We all know that one of the biggest tasks is cleaning our data and getting it ready for analysis. Once you’ve spent all that time cleaning your data I will argue you should store it in a relational database. While you may not do all your analysis there – my upcoming workshop at ODSC West 2019 may surprise you in how much you can actually get done with PostgreSQL.
Hear me out as I explain why a relational database actually helps you clean and tidy your data.
- First of all, most of our data is relational and the database actually helps enforce those relations. Having your data in a CSV file or in a document store does not prevent the accidental deletion or altering of relations.
- Many relational databases also provide transactions, which prevent the entry of half-baked data by rolling back data entry if something goes wrong half-way through submitting the data.
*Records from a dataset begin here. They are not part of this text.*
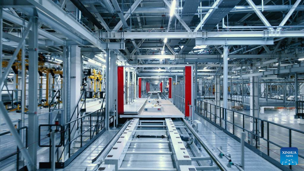 Photo taken on Dec. 21, 2021 shows the inside of the new Tiexi Plant of BMW Brilliance Automotive (BBA) in Shenyang, northeast China's Liaoning Province. German luxury carmaker BMW on Dec. 16 announced its upgraded strategy in the Chinese market, with three new or upgraded plants that are in Shenyang and Zhangjiagang to open in 2022. (Xinhua)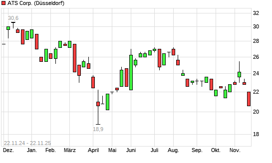 Mit dem Rücksetzer auf 20,80 EUR hat die ATS Automation-Aktie (ISIN CA00217Y1043) am 21.11.2025 ein neues 6-Monats-Tief erreicht und damit den Kurs vom 19.11.2025 eingestellt.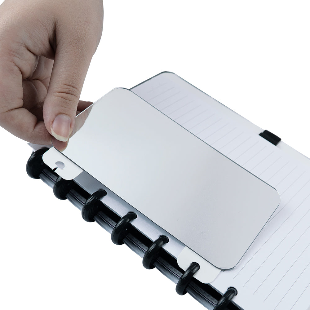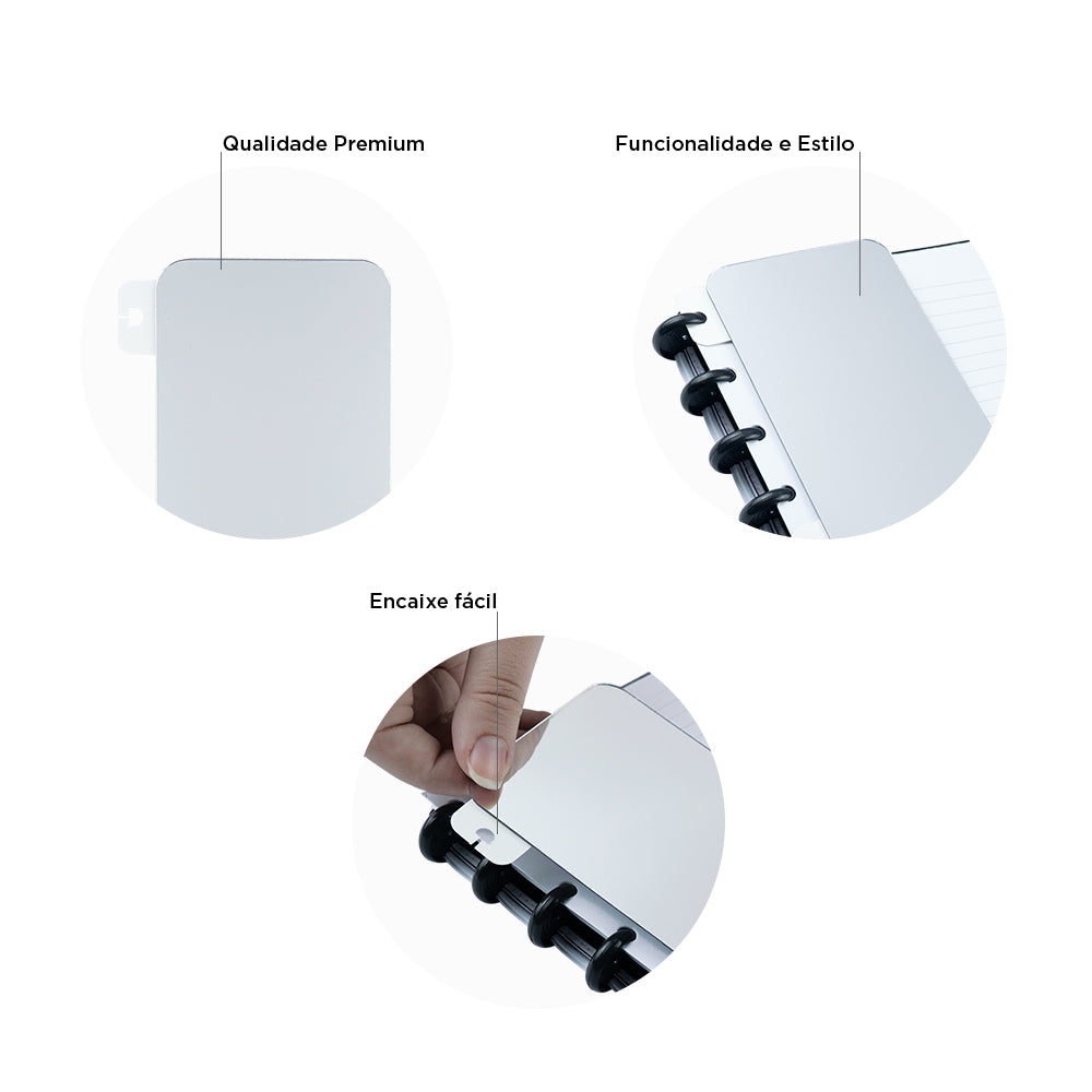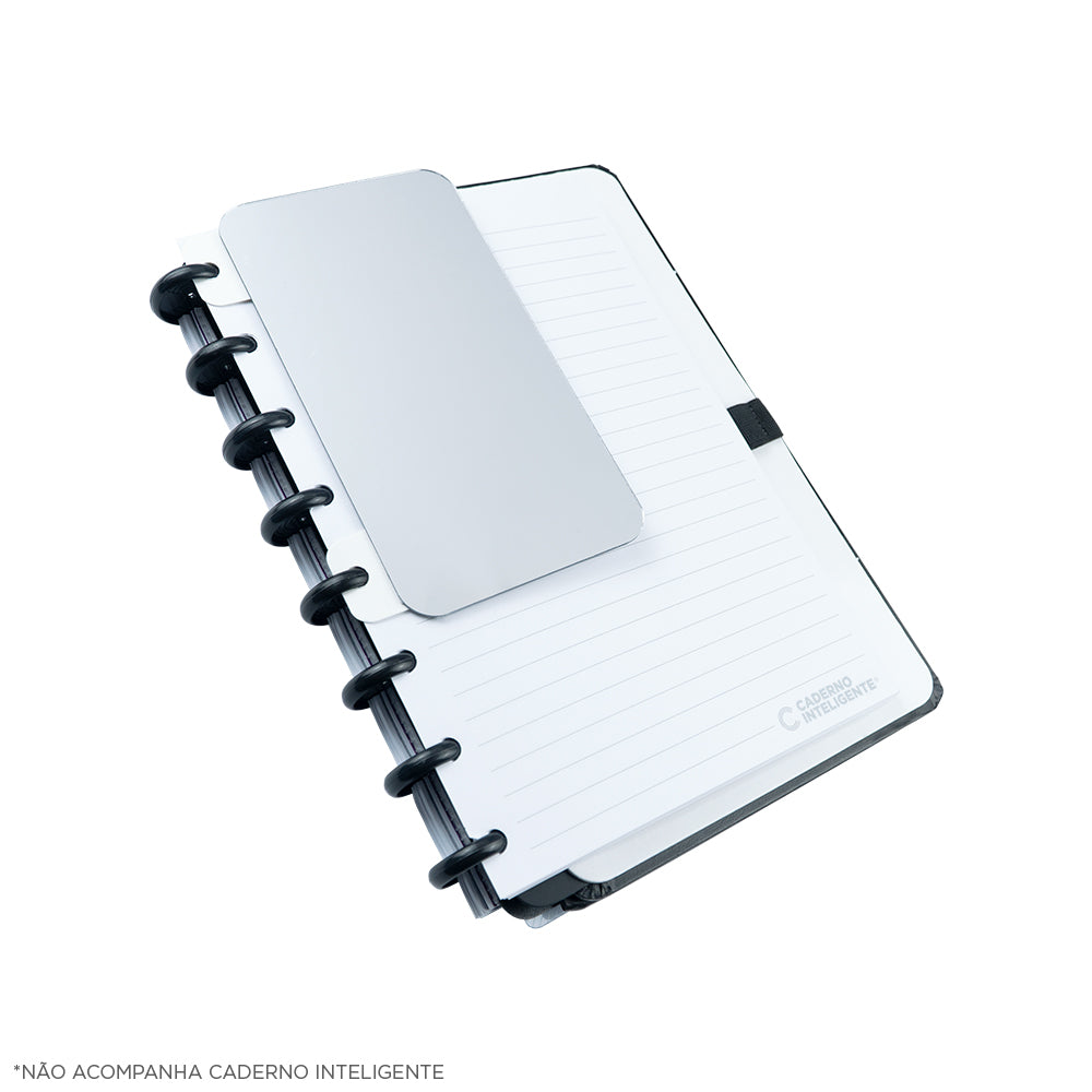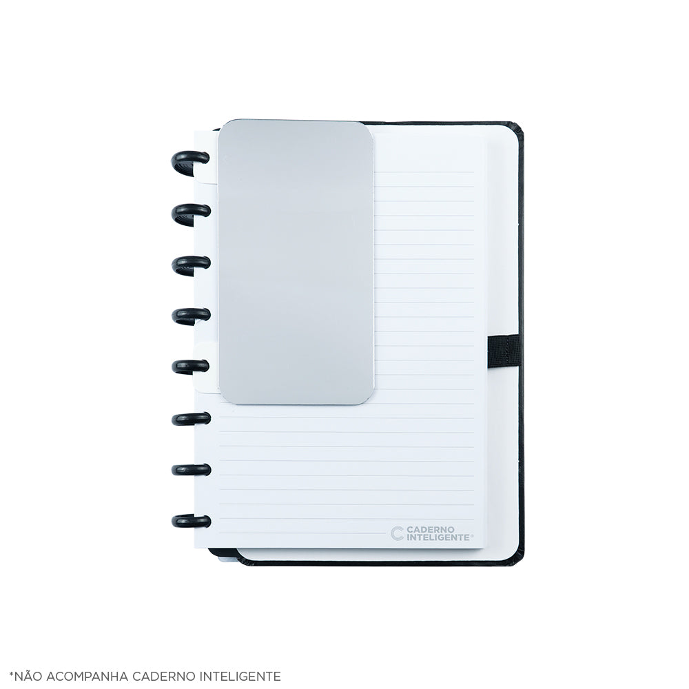 Tamanho Médio. Comporta até 80 folhas de 90g ou 60 folhas de 120g Mude as cores dos discos e do elástico do seu Caderno Inteligente®, deixando-o sempre com cara de novo! ;)

- Relational data stores also have the ability to enforce, to varying degrees, storing the right type (numeric, string, date…) of data with the right variables. This enforcement can prevent errors on data entry and on mass importing of data, providing at least a first line check on data cleanliness.
- Relational data stores allow you to perform operations on the data right where it is stored. There is no need to pull all the data across the wire, into some local data structure, and then perform calculations on it there. Do the operations right there on the data and then pull the answers down.
- Finally, the PostgreSQL developers have spent years getting the query optimizer to efficiently carry out your queries so you can just focus on getting the data you want.
[Related article: Switching Between MySQL, PostgreSQL, and SQLite]
You probably knew most of this about RDBMS (PostgreSQL in particular). What I hope to teach you in my session at OSDC is all the interesting things PostgreSQL has to offer to make your big data cleaning and analysis easier. Let me give you the outline (and some links) on what we are going to cover in the session.
Spatial Data – PostgreSQL has the gold standard in spatial data extensions – PostGIS. If you have data that has direct spatial information, like coordinates, or indirect, such as an address, you can leverage the power of spatial analysis to enhance the insights into your data. In the workshop, we show some of the simple queries like closest distance but also buffering and selecting.
[Related article: Getting the Most Out of Spatial Data]
Full-Text Search – This one will probably come as a surprise to most developers but PostgreSQL has advanced full text search – like Lucene (the “engine” under ElasticSearch and SOLR). You have probably used the LIKE or ILIKE operators or maybe even fuzzy string matching, but full text capabilities into Postgresql deal with “documents” and building document indices with specialized dictionaries.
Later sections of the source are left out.